E’ già spuntata l’alba sul circuito di Daytona, a segnare l’ultimo terzo di gara. La lotta fra le DP di testa vede la Corvette DP del Wayne Taylor Racing della famiglia Taylor e Max Angelelli saldamente al comando, grazie anche a piccole disavventure che penalizzano due dei maggiori inseguitori.

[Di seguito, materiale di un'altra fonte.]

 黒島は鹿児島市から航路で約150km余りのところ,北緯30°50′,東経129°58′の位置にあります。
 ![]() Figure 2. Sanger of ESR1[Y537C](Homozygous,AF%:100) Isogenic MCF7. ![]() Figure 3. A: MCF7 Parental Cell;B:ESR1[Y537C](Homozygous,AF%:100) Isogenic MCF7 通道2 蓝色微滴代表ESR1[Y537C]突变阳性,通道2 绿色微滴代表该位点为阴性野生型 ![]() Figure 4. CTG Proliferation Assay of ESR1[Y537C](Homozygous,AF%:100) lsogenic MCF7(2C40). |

Una penalità per contatto evitabile rallenta Joao Barbosa, che con la Corvette DP #5 dell’Action Express che condivide con Christian Fittipaldi e Sebastien Bourdais si tocca con la Porsche 911 GT America #19 del Muehlner Motorsports mentre una sosta ai box per una foratura alla gomma posteriore destra ferma la ricnorsa della Riley-Ford EcoBoost del Team Ganassi guidata da Scott Dixon, entrambi mentre erano in P2.

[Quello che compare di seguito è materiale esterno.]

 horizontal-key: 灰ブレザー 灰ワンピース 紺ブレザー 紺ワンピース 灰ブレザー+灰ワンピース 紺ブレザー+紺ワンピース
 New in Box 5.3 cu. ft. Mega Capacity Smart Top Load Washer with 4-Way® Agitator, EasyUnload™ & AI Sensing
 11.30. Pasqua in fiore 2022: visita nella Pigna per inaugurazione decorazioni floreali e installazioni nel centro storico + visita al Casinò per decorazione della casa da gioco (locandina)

A sei ore dal traguardo, c’è l’altra Corvette DP dell’Action Express con Burt Friselle al comando grazie al gioco dei pit stop, che precede di soli 15” Ricky Taylor con la entry nero-arancio del Wayne Taylor Racing, uniche vetture a giri pieni. P4 ad un giro dietro la seconda Corvette DP dell’Action Express per l’Oreca-Nissan del Muscle Milk, unica LM P2 graziata da problemi tecnici. Ritirate ufficialmente sia l’HPD ARX-03b #01 dell’Extreme Speed e la DeltaWing per problemi al cambio.

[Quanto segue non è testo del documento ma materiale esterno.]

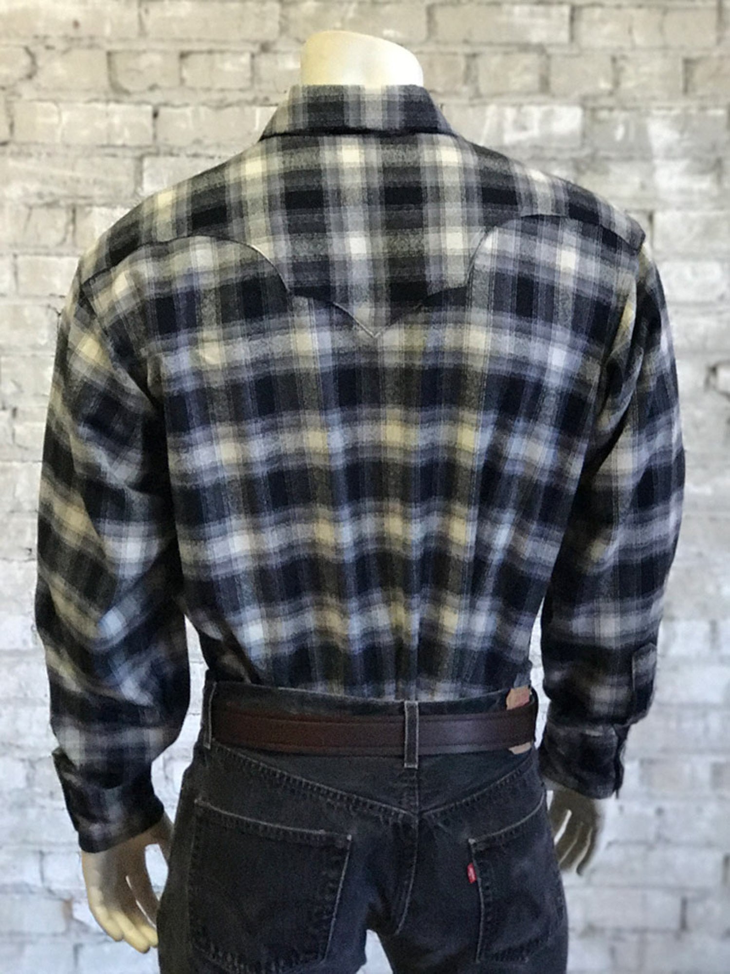 Rockmount Mens Black/Grey 100% Cotton Flannel Plaid Western L/S Shirt
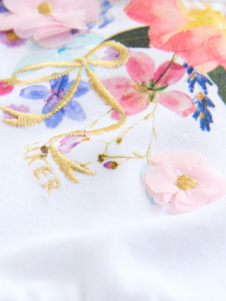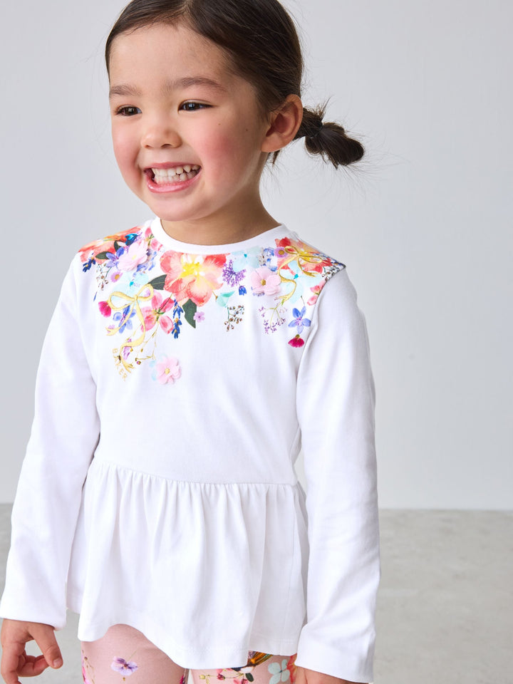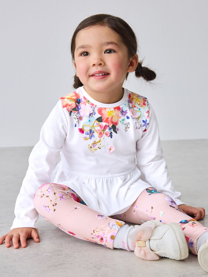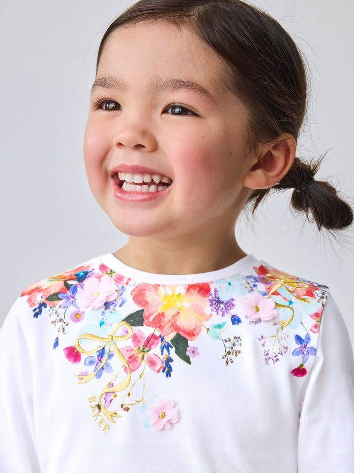 She'll look pretty as a picture in this 2 piece set from Baker by Ted Baker. This set comes in a pretty soft pink colour, with a peplum hem T-shirt featuring a floral print around the neck, with our iconic Baker branding in gold embroidery. The T-shirt is paired with pretty printed floral leggings, which feature an elasticated waist and a grosgrain bow at the centre. Pair with trainers for a cute and casual fit for your little one! Sweater Main 100% Cotton. Rib 92% Cotton, 8% Elastane. Leggings 92% Cotton, 8% Elastane. Country of Origin: Sri Lanka
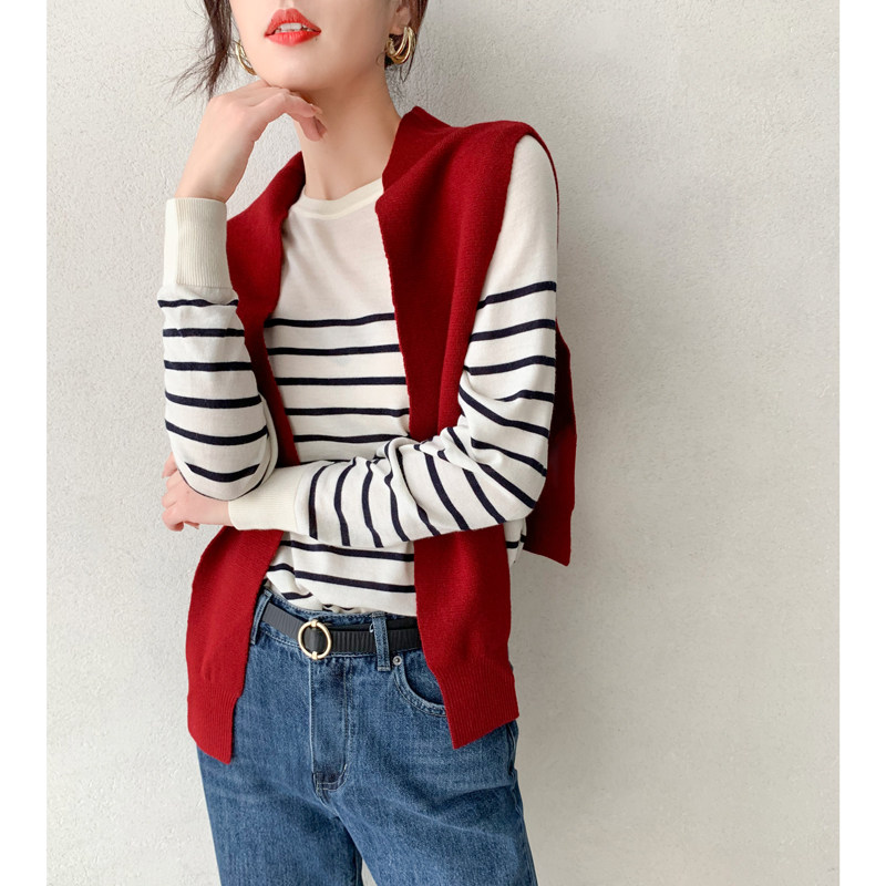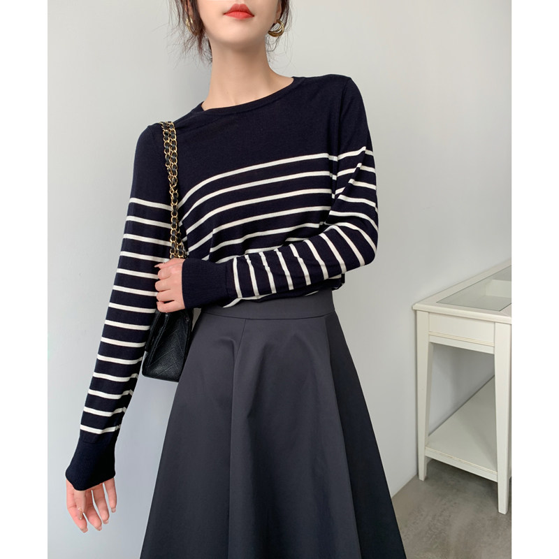 Mars Jiamin's new product New Australian wool close-fitting wear non-tied wool bottoming shirt knit striped T-shirt

Lo squadrone Porsche, dopo una penalità per Jorg Bergmeister che inverte la coppia di testa, perde, forse  definitivamente, la #912 a causa di un problema di pressione dell’olio. A questo punto è lotta a due tra la #911 (nella foto) di Nick Tandy, Richard Lietz e Patrick Pilet e la Corvette #4 di Oliver Gavin, Tommy Milner e Robin Liddell, separati da soli 14”. La Corvette ha già dovuto abbandonare per strada la #3 ed inseguire la coppia di testa, lontane le due SRT Viper e l’Aston Martin ufficiale, sono le due BMW Z4 GTE, non velocissime ma – almeno per ora – quantomai affidabili. Da segnalare infine un’uscita di strada per Tracy Krohn, la cui Ferrari F458, gestita tecnicamente da Risi Competizione, può comunque riprendere.

Sempre l’entry del CORE Autosport a condurre in LM PC, con alla guida ora Mark Wilkins. Il ruolo di inseguitore principale è stato preso dalla Starworks #7 con Pierre Kaffer, ad un giro come la vettura dell’8 Star.  Violento crash per la #08 dell’RSR, a lungo in testa nelle fasi iniziali, che procura una lunga caution, mentre dopo 4 ore e mezza di lavoro, rientra in pista la #87 del BAR1 Motorsports.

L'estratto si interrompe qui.